Published February 3rd, 2021 - 10:30 GMT
Google to Pay $2.6 Million to Resolve Alleged Pay, Hiring Discrimination
To resolve the allegations, Google has agreed to pay $1.34 million in back pay and interest to 2,565 female employees and $1.23 million in back pay and interest to 1,757 female and 1,219 Asian applicants for software engineering positions who were not hired. (Shutterstock)
Internet behemoth Google LLC has reached a settlement agreement with the U.S. Department of Labor to pay $2.6 million to more than 5,500 workers and former job applicants to resolve allegations of employing hiring and compensation practices that disadvantaged women.
 

The department announced the settlement agreement on Monday that followed a routine compliance evaluation of the company by the department that found female software engineers at facilities in California and Washington were paid less than their male coworkers.

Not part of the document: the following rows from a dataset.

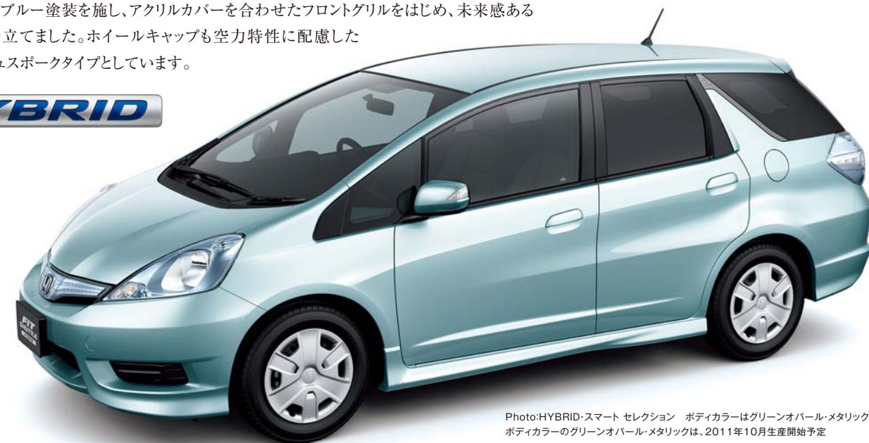
Photo:HYBRID・スマート セレクション ボディカラーはグリーンオパール・メタリック ボディカラーのグリーンオパール・メタリックは、2011年10月生産開始予定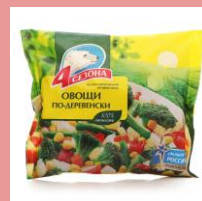
Упаковка 4 c/ldpe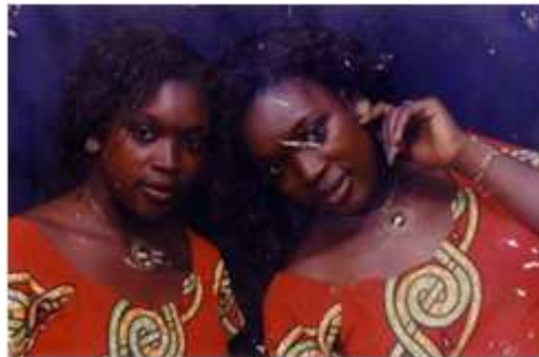
103. Sans titre, 2002, double exposition couleur, 10 x 15 cm, coll. de l'auteur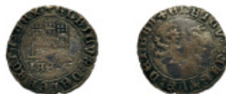
190. MARAVEDÍ. ENRIQUE IV. Jaen. IAEN debajo del castillo. ABM-797 (vte.). Sin granadas debajo del león. RARA. MBC- 90

The audit also found the company discriminated against hiring women and Asian applicants as software engineers.

To resolve the allegations, Google has agreed to pay $1.34 million in back pay and interest to 2,565 female employees and $1.23 million in back pay and interest to 1,757 female and 1,219 Asian applicants for software engineering positions who were not hired.

"Pay discrimination remains a systemic problem," Office of Federal Contract Compliance Programs Director Jenny Yang said. "Employers must conduct regular pay equity audits to ensure that their compensation systems promote equal opportunity."

Google has also agreed to allocate a cash reserve of at least $1.25 million in pay-equity adjustments for the next five years for American engineer employees at its New York, California and Washington State locations where about 50% of its engineering professionals are staffed.

The Labor Department said it found Google has provided software engineering positions to only 51 women and 17 Asian applicants.

Google will also review its current hiring and compensation polices, procedures and practices, the department said.

Jane Suhr, regional director of the Office of Federal Contract Compliance Programs in San Francisco, said the department acknowledges Google's "willingness to engage in settlement discussion" to archive a quick resolution.

"The technology industry continues to be one of the region's largest and fastest growing employers," Suhr said. "Regardless of how complex or the size of the workforce, we remain committed to enforcing equal opportunity laws to ensure non-discrimination and equity in the workforce."